The Canadian currency was the biggest winner versus the U.S. dollar among the 16 most-traded counterparts of the greenback tracked by Bloomberg. The currencies of rival commodity producers Australia and New Zealand also advanced, while the euro fell on concern Irish banks will need a bailout from the European Union.
“Investors are adding a touch of risk this morning with the rise in stocks and oil,” said John Curran, a senior vice president at CanadianForex Ltd., an online foreign-exchange dealer in Toronto. “Still, market sentiment is mixed, so while the loonie will follow commodities and stocks right now, the real concern is Europe, and the loonie should follow market events.”

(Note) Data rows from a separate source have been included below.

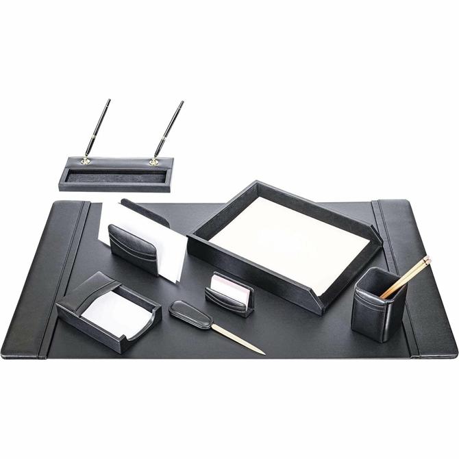 Eight-Piece Desk Set features an assortment of durable supplies to help you work efficiently throughout the day. Top-grain leather adds professional style to any work space. Soft velveteen protects surfaces from scuffs and scratches. Desk set includes a desk pad, letter-size tray, pencil cup, memo holder, letter holder, business card holder, letter opener and double pen stand.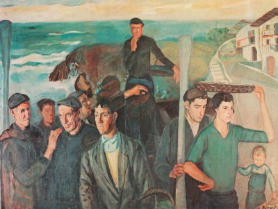 Y hasta tal punto ha multiplicado Bienabe sus talentos, que, en la representación de lo humano, nos ha dado lienzos tan sublimes como “Regreso de la pesca”, en el que la resignación de los hombres ante la desgracia amenazante de las familias marineras –el peligro de naufragio- contrasta vivamente con la revoltura del oleaje espeso y la serenidad de los rostros que contraídos esperan un desenlace; u otras manifestaciones artísticas, donde el pintor se ha dedicado a recoger –unas veces con ánimo costumbrista, otras con deseo íntimo- escenas de trabajo, de familia, de descanso, de rezo o de diversión, siempre procurando alcanzar el alma de las cosas. Puede decirse que el hombre, al ser tomado por Bienabe para pasar al lienzo o al papel, siempre se ha dignificado, ha ganado en hondura.
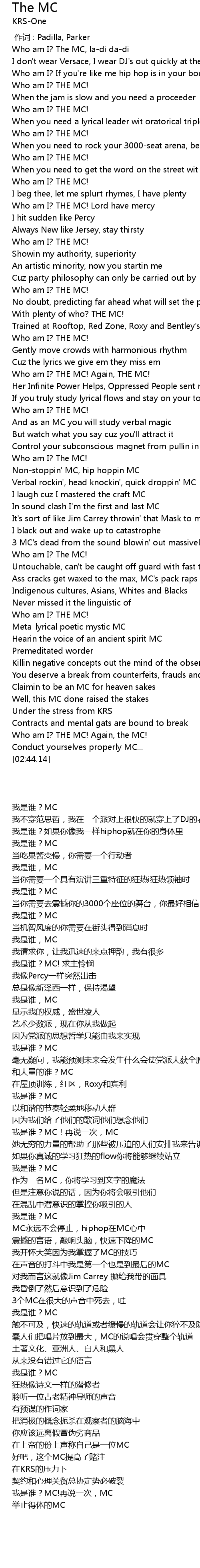 | [00:44.44] | Who am I? THE MC! Lord have mercy |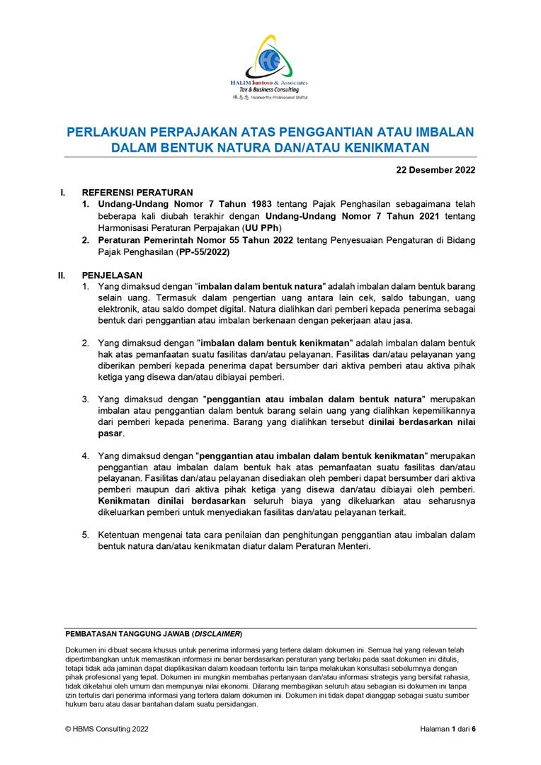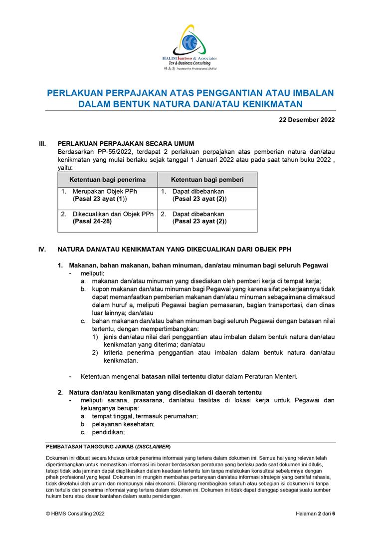 Perlakuan Perpajakan atas Natura dan Kenikmatan mulai tahun 2022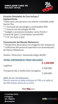 Valor y Costos: Experiencia $ 1.200,000 / Logística $ 100,000 / Transporte Ida y Vuelta solo Cartagena $ 200,000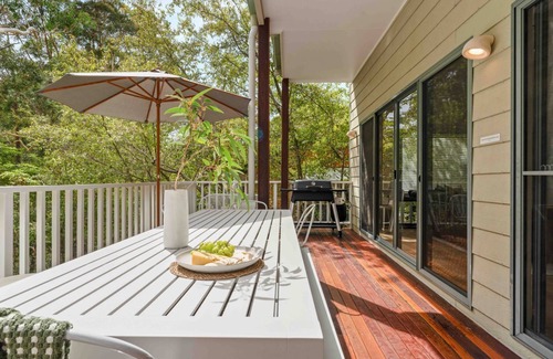 The deck is large, open and private. It has a lovely bush aspect, a BBQ and an outdoor dining setting as well as a bird feeder for up close encounters. There is also an outdoor shower and a lovely bush path that leads down to the beach.

Canada’s currency, known as the loonie for the image of the aquatic bird on the C$1 coin, appreciated 0.5 percent to C$1.0074 per U.S. dollar at 10:27 a.m. in Toronto, from C$1.0123 on Nov. 12. One Canadian dollar buys 99.27 U.S. cents. The currency touched parity Nov. 5-11.
The loonie gained 1 percent to C$1.3727 versus the euro as European Central Bank Vice President Vitor Constancio said Ireland would be able to tap the European Union’s rescue fund to bail out its banks.
Drop in Bonds
Canadian government bonds fell, pushing the yield on the 10-year security up as much as eight basis points, or 0.08 percentage point, to 3.10 percent, the highest level since Aug. 6. The price of the 3.5 percent security maturing in June 2020 dropped 44 cents to C$103.57.
The 10-year bond yield will fall to 2.83 percent by year- end, according to the median of estimates from economists gathered Nov. 4-11. The previous survey called for a 3 percent yield by the end of the year.
The Bank of Canada refrained from raising its policy rate on Oct. 19 after three prior increases to 1 percent. Policy makers won’t boost borrowing costs again until the April-June period, according to the survey.
Investors are betting the central bank will keep interest rates unchanged until mid-2011. The rate on the six-month overnight index swap was 1.10 percent on Nov. 12, and the nine- month rate was 1.17 percent. Investors are also betting 10-year bond yields will be 3.13 percent in December, according to futures contract trading on the Montreal Exchange on Nov. 12.
The Canadian dollar gained as crude oil for December delivery increased as much as 1.1 percent to $85.77 a barrel. The Standard & Poor's 500 Index rose 0.3 percent, while the S&P/TSX Composite Index fell 0.1 percent.
Retail sales in the U.S., Canada’s biggest trading partner, climbed in October by the most in seven months, a report from the U.S. Commerce Department showed. Purchases rose 1.2 percent after a 0.7 percent increase in September that was larger than previously estimated.